Pitching a Business Plan

« November 2008 »

David glanced at Mark who was sitting next to the fire and opposite Ch'uya. His face displayed more anger than David had seen in a long time.

They had arrived at the house some time after the sun had set and Mark managed to convince Ch'uya that the business deal couldn't wait until the morning -- just as the poor guy was heading to bed.

Mark had, of course, introduced David to Ch'uya. He had to lay the groundwork for the business idea and David was a part of it. He had also explained his reason for the venture.

David felt strange when he was able to chime in occasionally and clarify more than Mark. There was also the problem induced by where he sat. The chair was comfortable and close enough to the fire to lull his tired body toward sleep. There was just something about the crackling flames after a long day that seemed to place the rest of the world at a distance.

The idea so far was that Ch'uya owned some land that was wooded. He cut down trees occasionally to use for firewood, but most of the trees remained untouched. Mark wanted to use them to make wagons for hauling.

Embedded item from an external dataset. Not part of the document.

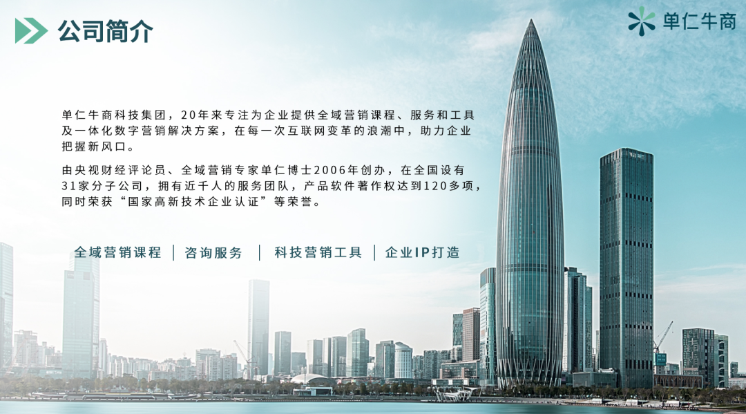 单仁牛商科技集团,20年来专注为企业提供全域营销课程、服务和工具及一体化数字营销解决方案,在每一次互联网变革的浪潮中,助力企业把握新风口。
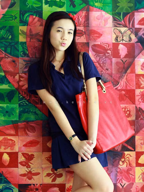 | Có vẻ cũng giống với cách tạo dáng của Bảo Trân, nhưng nhìn kỹ sẽ thấy Quỳnh Chi thích để bàn tay của mình một cách hờ hững và hơi "bối rối" một tẹo. |

His plan was a little complicated. They would make one and then show it as an example to all of the farmers and business men in the area. This, he hoped, would convince several of them to make a down payment on one for themselves. The goal would be to sell a wagon for three gold pieces, which was a fair price. They would take half the price for dog-sized models. If the people would pay half in advance, then Mark and David would have to pre-sell 25-30 of the larger wagons in order to buy SaƱi. It would be a very busy two weeks, and then they would have to actually build the merchandise for the buyers.

Even if everything went well, David knew it would be weeks or months before Mark was free. It might have been wise for them to sleep and let their minds process the idea overnight first, but they skipped that step because time was short. This was the best, and only, plan they had.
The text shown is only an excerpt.